_WORK ITEM_
Below are several entries. Transcribe exactly those lines that fall from the one with "Combing terms (布林邏輯Boolean" through the one with "Zac Lloyd wins", end lines included.

_AVAILABLE RECORDS_
Segment Open

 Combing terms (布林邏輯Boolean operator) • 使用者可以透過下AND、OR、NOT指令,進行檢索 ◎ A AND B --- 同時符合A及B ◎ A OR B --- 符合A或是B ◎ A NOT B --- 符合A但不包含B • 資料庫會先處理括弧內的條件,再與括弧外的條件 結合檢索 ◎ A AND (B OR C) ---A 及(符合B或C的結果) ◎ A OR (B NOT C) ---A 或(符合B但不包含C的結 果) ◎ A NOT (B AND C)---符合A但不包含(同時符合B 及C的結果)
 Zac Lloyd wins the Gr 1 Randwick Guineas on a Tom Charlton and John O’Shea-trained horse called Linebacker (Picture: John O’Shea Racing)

Segment Closed
Segment Open

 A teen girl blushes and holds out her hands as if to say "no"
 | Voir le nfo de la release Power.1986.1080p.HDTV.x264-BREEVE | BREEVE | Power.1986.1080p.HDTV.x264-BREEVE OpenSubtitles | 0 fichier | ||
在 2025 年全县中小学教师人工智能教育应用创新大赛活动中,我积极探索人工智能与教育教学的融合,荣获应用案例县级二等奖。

Segment Closed
Segment Open

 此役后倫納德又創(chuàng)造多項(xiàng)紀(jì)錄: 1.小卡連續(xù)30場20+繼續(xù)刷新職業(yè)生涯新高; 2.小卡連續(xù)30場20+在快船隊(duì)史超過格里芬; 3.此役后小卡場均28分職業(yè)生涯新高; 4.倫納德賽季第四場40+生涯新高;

Segment Closed

_RESULT FOR THIS TASK_
 Combing terms (布林邏輯Boolean operator) • 使用者可以透過下AND、OR、NOT指令,進行檢索 ◎ A AND B --- 同時符合A及B ◎ A OR B --- 符合A或是B ◎ A NOT B --- 符合A但不包含B • 資料庫會先處理括弧內的條件,再與括弧外的條件 結合檢索 ◎ A AND (B OR C) ---A 及(符合B或C的結果) ◎ A OR (B NOT C) ---A 或(符合B但不包含C的結 果) ◎ A NOT (B AND C)---符合A但不包含(同時符合B 及C的結果)
 Zac Lloyd wins the Gr 1 Randwick Guineas on a Tom Charlton and John O’Shea-trained horse called Linebacker (Picture: John O’Shea Racing)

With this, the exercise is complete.